Let’s say that you have a gift for writing adult thrillers, but YA fantasy is all the rage this quarter. Should you now start writing YA fantasy? This commentator votes no. Chances are that once you identify a trend, it has probably passed you by. Dozens or hundreds of titles are now in the pipeline, and the publishers are in no hurry to sign more. I say, write what you feel led to write, but be realistic about your prospects. Adult thrillers will come around again.
A strange trend I’ve witnessed in the past year or so, is more personal. I don’t know whether this represents the market as a whole, but a couple of my agent colleagues confirm it. That is, aspiring authors are becoming more and more cautious about signing contracts for agency representation. They politely thank me for my interest, but they want to have my contract vetted by an attorney before they sign.

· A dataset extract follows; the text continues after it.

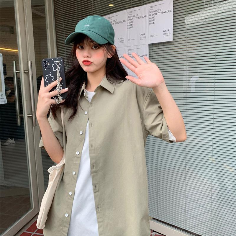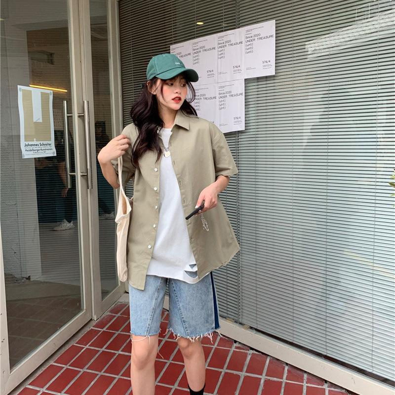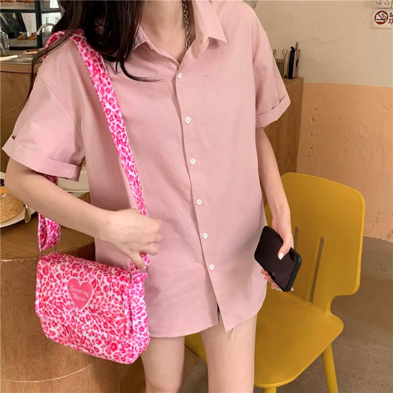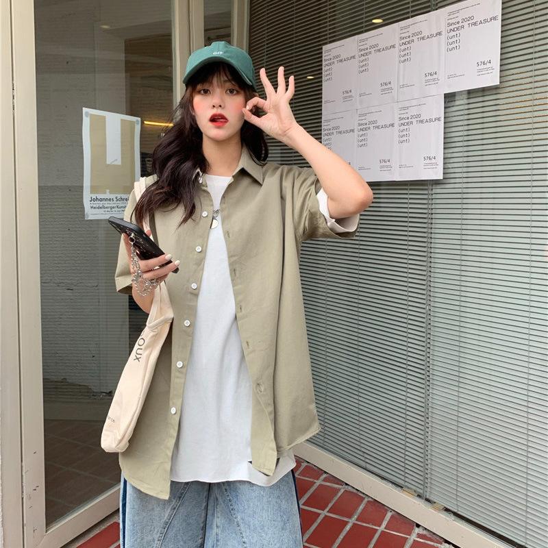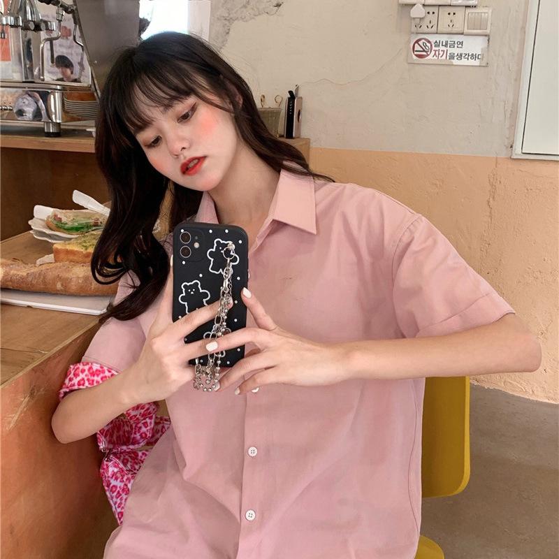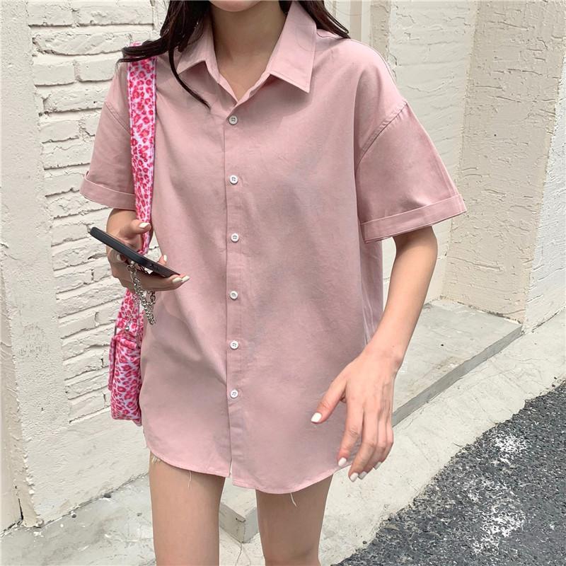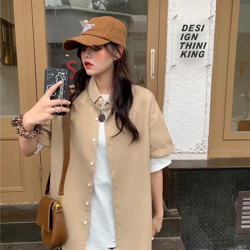 Camisa de nicho con diseño de sentido del diseño, nueva camisa holgada de manga corta de estilo coreano de verano 2021, top de color liso para mujer, entrega ins

Of course, I naturally feel defensive. I know I’m a nice guy, and that my contract is fair and honest. I’ve had it reviewed by a few fellow agents and IP lawyers; pretty standard for the industry. But do I argue? Of course not. I say, go out and get all the advice you need, before you sign on the dotted line. Better to have this discussion now, than a year from now.
The thing is, nothing in an agency contract is regulated by law, anywhere in the United States. Anything that two consenting adults agree on, is permissible. So all that really remains to be determined now, is whether we can agree on terms.

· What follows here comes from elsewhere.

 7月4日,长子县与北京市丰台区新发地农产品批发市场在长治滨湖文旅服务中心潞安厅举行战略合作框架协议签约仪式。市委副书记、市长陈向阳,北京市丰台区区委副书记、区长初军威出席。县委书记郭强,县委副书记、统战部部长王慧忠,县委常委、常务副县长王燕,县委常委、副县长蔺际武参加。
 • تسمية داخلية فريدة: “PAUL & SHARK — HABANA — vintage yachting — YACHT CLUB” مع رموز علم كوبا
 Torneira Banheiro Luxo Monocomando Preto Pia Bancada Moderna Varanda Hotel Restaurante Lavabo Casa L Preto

So the authors get a pile of advice from their lawyer, and return to me with a dozen questions and edits on the contract. They want the right to decline a publisher offer, fire me, and then accept the offer later without me. Or find a deal on their own, and exclude me from it. They try to withhold subsidiary rights, which could quickly cause a publisher to lose interest. Some of those changes are simply not in my power to grant, and belong in a publisher contract instead. All in all, it means they want to send me into battle with one hand tied behind my back. The publisher and I both must work harder to earn less.

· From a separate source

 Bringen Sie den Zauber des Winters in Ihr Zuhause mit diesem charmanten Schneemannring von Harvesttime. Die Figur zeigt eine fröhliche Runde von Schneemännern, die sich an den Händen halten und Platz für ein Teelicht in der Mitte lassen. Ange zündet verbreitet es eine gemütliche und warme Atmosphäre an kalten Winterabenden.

Now, how about your publisher deal? Again, nothing in that contract is regulated by law. Sure, a lawyer can identify lots of potential enhancements on that deal, but he won't negotiate it for you. Do you know how? Do you have the platform to back it up? Unlike an agent, that lawyer doesn’t have an ongoing relationship with you. For that reason, he has no frame of reference to know what’s reasonable to ask for, given the totality of your situation. And unlike an agent, he has no skin in the game. He can rack up his billable hours and walk away.
Make no mistake, I will never tell a prospective client, “trust me.” I’m all in favor of informed consent, due diligence, and asking lots of questions. And I value my relationships with lawyers who know more than I do, and keep me out of trouble. But if I can’t get a reasonable return for my efforts – and you set yourself up for rejection by publishers – I can’t help you.